Lecture 2 - March 31: Working with data in NLTK, Tokenization, Sentence segmentation, stemming, collocations, pOS tagging, Introduction to lexical resources (WordNet)
  • HW 1 posted. 

 

Week 2:  what's beyond Words, POS Tagging, More WordNet, Statistical NLP, corpus-based NLP, Language models & N-Grams, Review of probability and Regular expressions  

Lecture 3 - April 5: More WordNet and NLTK API, lexical relations, semantic similarity, introducing statistical nLP, corpus-based Approaches, review of probability & conditional probability

 

Lecture 4 - April 7: Bayes' Theorem, Language Models, Markov assumption, N-grams, Maximum likelihood estimation, Regular expressions
  • HW 1 due tomorrow 11:55 pm!
  • Send me an email tomorrw or later (after you submit) to volunteer for HW1 discussion in class.

 

Week 3: Natural Language Understanding I: Text Classification I, Using Sentiment Lexicons, Lexical Resources.

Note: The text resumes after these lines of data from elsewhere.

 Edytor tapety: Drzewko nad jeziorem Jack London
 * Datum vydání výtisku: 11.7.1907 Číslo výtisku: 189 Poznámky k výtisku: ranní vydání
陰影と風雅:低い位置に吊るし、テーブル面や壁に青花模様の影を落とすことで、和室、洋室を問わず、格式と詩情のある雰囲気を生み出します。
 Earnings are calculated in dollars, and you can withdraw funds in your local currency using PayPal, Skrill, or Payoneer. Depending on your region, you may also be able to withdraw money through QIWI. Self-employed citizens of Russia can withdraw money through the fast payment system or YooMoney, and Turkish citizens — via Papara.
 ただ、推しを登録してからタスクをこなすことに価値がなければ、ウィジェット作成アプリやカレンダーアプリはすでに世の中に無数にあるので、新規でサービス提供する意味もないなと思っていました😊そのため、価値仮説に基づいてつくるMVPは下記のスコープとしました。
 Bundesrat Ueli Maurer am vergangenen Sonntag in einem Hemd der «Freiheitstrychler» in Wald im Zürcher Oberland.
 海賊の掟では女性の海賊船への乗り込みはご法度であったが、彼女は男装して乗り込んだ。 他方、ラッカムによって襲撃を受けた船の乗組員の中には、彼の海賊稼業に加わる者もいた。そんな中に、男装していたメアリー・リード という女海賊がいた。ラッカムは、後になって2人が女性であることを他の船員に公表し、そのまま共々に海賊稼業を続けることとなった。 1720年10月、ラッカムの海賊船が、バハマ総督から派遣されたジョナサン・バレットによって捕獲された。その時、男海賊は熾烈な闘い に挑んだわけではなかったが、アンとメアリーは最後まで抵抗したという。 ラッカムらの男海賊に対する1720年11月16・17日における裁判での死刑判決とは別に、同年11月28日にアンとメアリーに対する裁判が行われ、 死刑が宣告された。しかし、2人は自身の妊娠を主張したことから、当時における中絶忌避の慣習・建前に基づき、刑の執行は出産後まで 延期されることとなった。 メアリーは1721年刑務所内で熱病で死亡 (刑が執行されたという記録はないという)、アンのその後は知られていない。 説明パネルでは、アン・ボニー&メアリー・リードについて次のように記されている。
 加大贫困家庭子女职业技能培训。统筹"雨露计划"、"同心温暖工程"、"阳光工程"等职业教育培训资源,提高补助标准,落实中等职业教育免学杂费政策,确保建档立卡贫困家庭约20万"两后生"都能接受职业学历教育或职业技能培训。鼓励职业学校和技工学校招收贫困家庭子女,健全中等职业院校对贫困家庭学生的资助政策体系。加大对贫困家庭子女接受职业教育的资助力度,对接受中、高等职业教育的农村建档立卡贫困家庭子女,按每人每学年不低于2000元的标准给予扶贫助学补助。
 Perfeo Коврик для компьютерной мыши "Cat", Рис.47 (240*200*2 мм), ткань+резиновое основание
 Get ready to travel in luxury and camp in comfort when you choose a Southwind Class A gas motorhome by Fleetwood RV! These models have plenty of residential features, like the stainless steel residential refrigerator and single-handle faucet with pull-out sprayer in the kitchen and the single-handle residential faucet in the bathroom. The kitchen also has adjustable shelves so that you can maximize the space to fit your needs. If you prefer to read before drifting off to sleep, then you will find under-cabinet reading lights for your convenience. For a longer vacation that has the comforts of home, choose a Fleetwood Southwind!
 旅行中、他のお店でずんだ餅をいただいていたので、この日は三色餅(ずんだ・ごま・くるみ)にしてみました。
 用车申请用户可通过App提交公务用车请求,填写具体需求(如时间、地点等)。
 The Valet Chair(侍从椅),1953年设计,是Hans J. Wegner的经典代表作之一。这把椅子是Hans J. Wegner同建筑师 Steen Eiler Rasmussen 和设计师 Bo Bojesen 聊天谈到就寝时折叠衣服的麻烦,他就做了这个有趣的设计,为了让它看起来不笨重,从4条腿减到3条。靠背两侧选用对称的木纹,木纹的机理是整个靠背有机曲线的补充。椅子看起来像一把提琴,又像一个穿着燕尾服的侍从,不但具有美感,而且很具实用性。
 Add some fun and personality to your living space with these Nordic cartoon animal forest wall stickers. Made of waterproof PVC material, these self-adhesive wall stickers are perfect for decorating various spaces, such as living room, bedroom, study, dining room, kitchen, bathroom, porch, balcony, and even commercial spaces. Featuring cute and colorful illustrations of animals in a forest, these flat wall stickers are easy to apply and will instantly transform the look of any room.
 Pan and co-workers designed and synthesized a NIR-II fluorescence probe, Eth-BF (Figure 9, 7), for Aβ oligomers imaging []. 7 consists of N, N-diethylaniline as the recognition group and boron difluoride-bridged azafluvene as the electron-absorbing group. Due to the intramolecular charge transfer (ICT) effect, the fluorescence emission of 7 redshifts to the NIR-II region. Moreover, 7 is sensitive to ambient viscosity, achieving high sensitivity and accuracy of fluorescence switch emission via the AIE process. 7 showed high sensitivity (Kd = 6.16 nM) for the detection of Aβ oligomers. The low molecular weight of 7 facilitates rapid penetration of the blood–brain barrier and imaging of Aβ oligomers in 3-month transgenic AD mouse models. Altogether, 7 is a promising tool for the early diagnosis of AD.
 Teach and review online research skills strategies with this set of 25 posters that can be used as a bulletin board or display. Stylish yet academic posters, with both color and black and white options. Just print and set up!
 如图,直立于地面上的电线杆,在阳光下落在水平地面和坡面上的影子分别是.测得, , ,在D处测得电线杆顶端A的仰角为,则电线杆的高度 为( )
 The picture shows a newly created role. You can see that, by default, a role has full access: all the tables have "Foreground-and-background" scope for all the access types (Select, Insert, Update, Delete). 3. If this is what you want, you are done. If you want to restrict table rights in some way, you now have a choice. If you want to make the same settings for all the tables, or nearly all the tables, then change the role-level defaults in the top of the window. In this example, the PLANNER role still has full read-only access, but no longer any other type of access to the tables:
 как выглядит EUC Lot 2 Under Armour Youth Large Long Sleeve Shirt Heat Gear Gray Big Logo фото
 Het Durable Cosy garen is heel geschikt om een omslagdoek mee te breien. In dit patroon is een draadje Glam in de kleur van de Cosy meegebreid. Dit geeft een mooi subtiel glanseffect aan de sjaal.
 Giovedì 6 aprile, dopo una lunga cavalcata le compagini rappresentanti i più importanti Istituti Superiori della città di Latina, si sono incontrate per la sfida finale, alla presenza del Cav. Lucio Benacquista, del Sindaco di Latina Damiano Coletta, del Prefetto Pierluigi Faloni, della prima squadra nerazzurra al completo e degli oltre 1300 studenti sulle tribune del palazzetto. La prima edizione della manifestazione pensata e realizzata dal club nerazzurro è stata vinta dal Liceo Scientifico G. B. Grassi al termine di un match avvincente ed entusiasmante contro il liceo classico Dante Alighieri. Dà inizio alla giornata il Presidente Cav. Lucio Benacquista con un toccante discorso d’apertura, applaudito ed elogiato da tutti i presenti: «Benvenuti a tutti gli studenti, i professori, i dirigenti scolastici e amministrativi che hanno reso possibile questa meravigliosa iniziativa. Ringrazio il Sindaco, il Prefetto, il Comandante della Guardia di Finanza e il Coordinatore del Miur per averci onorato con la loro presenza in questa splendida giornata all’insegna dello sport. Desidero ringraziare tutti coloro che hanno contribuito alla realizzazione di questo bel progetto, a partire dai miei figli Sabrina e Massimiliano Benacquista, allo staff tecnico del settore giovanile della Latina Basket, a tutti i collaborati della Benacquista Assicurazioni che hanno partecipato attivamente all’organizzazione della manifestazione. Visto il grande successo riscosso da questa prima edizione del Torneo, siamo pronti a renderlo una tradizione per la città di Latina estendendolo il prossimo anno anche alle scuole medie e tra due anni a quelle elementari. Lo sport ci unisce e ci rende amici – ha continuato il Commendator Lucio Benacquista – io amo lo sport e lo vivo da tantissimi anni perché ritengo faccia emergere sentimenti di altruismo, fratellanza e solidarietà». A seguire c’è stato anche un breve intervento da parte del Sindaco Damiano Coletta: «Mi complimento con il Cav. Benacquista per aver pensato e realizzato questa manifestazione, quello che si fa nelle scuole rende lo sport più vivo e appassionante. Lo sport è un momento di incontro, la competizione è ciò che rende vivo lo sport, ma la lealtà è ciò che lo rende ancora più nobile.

Lecture 5 - April 12: More Regex, Uses of regex in NLP, Classifying text, Supervised classification, Getting labels, feature extraction, overfitting, Train/dev/test sets, Classifying with NLTK, Evaluation measures
  • Abhishek Grover reviewed HW 1.

 

Lecture 6 - April 14: More classification for NLP, movie reviews classification example, feature selection methods, lexical resources, extracting features from LIWC, error analysis
  • I ran code from movie_reviews.py and word_category_counter.py in class today.
  • HW 2 due tomorrow 11:55 pm!
  • Send me an email tomorrw or later (after you submit) to volunteer for HW2 discussion in class.

 

Week 4: More Classification: Feature Analysis, Error Analysis. POS Tagging As A Classification Problem.

Lecture 7 - April 19: HW2 Review in class, Naive Bayes Classifier, Bayesian Classification, maximum likelohood estimation, Smoothing, numerical stability, labov's theory of narratives, using LIWC

 

Lecture 8 - April 21 - Cancelled

 

Week 5: The Lexicon, Verbs And Their Subcategorization.Discourse & Narrative Meaning.

Lecture 9 - April 26: HW3 review in class, Supervised and Unsupervised models, different approaches for automatic POS tagging, n-Gram tagging, Introduction to SIG and Scheherazade, VerbNet, Introduction to Parsing, constituent structure, Context-Free Grammars, Ambiguity in Parsing

 

Lecture 10 - April 28: Continue Parsing, syntactic ambiguity, treebank, Probabilistic CFG, Lexicalized PCFG, Dependency grammar, dependency parse, types of parsers, shift-Reduce parsing, probabilistic dependency parsing, parsing as a classification problem, story intention graph, SIG encodings, Scheherazade annotation tool

 

Week 6: Midterm

Lecture 11 - May 3: Midterm Review
Lecture 12 - May 5: Midterm exam

 

Week 7: Natural Language Understanding II: Chunking, Sentence Structure And Parsing, Natural Language Understanding For Q&A.

Lecture 13 - May 10: HW3 held-out results, Introduction to question-answering, types of questions, iR-based factoid QA, question processing, answer type taxonomy, answer type detection approaches, assignment 6 overview, evaluation metrics for qA, qA Pipeline, Question reformulation, introduction to using syntax for QA 

 

Lecture 14 - May 12: what is syntax, using syntactic representation for question-answering, chunking, constituency parse, dependency parse, data structure for using parse trees, manipulating constituency trees, reading dependency graphs, increasing precision using syntax, stanford parser dependency structure, HW6 Stub code demo

 

Week 8:  Question Answering  II: Working With NLU Representations For Q&A.

 

Week 9: Question Answering III: Lexicons & Lexical Semantics for Q&A.

 

Week 10: Question Answering Competition & Final Exam In Class Slot.